Regulatory Express_Oct. 2024

The World Health Organization published a guidance for best practices for clinical trials.

世界卫生组织发布了临床试验最佳实践指南。

This document is intended to guide WHO's Member States and any staff members of non-state actor organizations whose work is related to clinical trials in any way, including the planning, conduct, analysis, oversight, interpretation, and funding of all clinical trials to assess the effects of any health intervention for any purpose in any setting.

本文件旨在指导WHO成员国和任何与临床试验相关的非国家参与者组织工作人员，包括所有临床试验的计划、实施、分析、监督、解释和资助，以评估在任何情况下出于任何目的进行的任何健康干预的效果。

This document aims to complement other guidance in order to support the implementation of universal ethical and scientific standards in the context of clinical trials, with a focus on under-represented populations.

本文件旨在补充其他指南，以支持在临床试验背景下实施普遍的伦理和科学标准，重点关注代表性不足的人群。
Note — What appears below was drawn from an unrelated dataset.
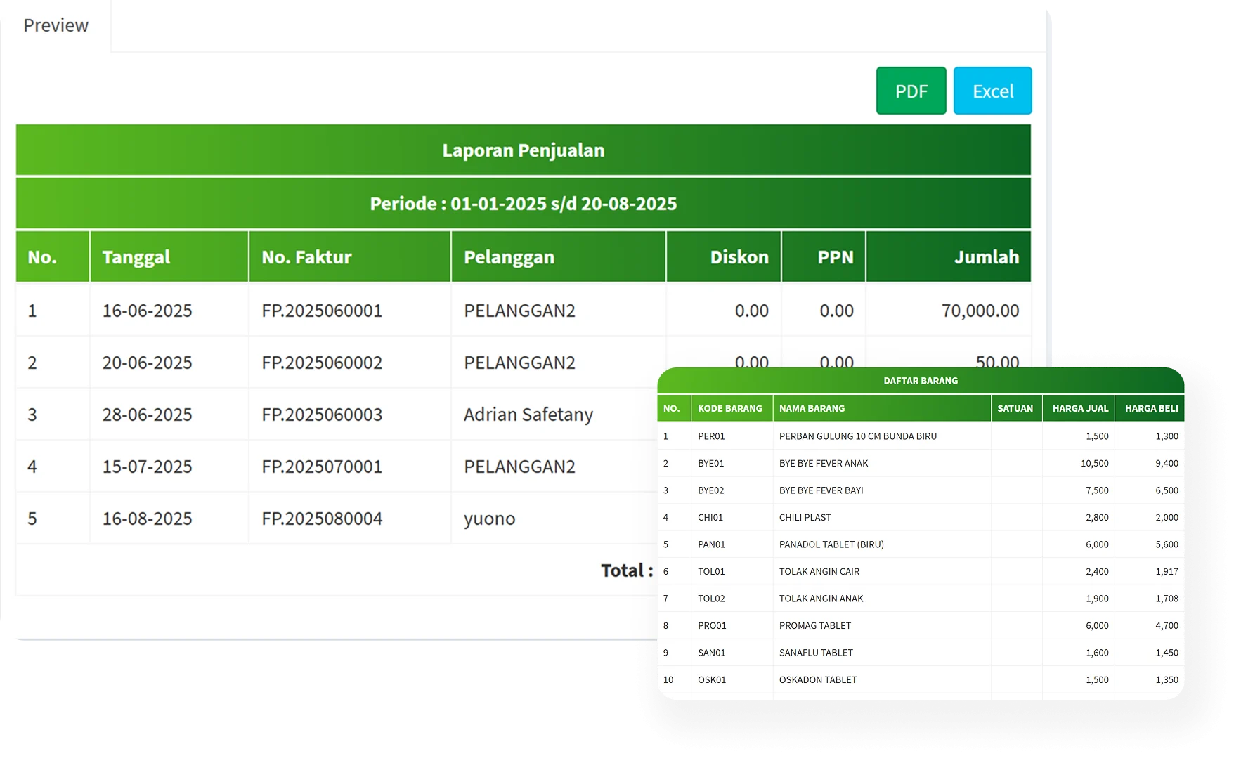 Menampilkan riwayat semua transaksi pembelian obat dan barang, yang bisa kamu ekspor ke PDF atau Excel.

The US FDA has released a new draft guidance titled: Integrating Randomized Controlled Trials for Drug and Biological Products Into Routine Clinical Practice.  Traditional randomized controlled drug trials typically capture a large amount of patient information at baseline and over the course of the trial. Health care professionals may also collect this data in routine clinical practice interactions with patients. Researchers may be able to use that data to satisfy trial data requirements, reducing the need for dedicated trial sites and duplicative data entry. This may improve convenience and accessibility for participants and allow for enrollment of more representative populations, resulting in more generalizable trial results.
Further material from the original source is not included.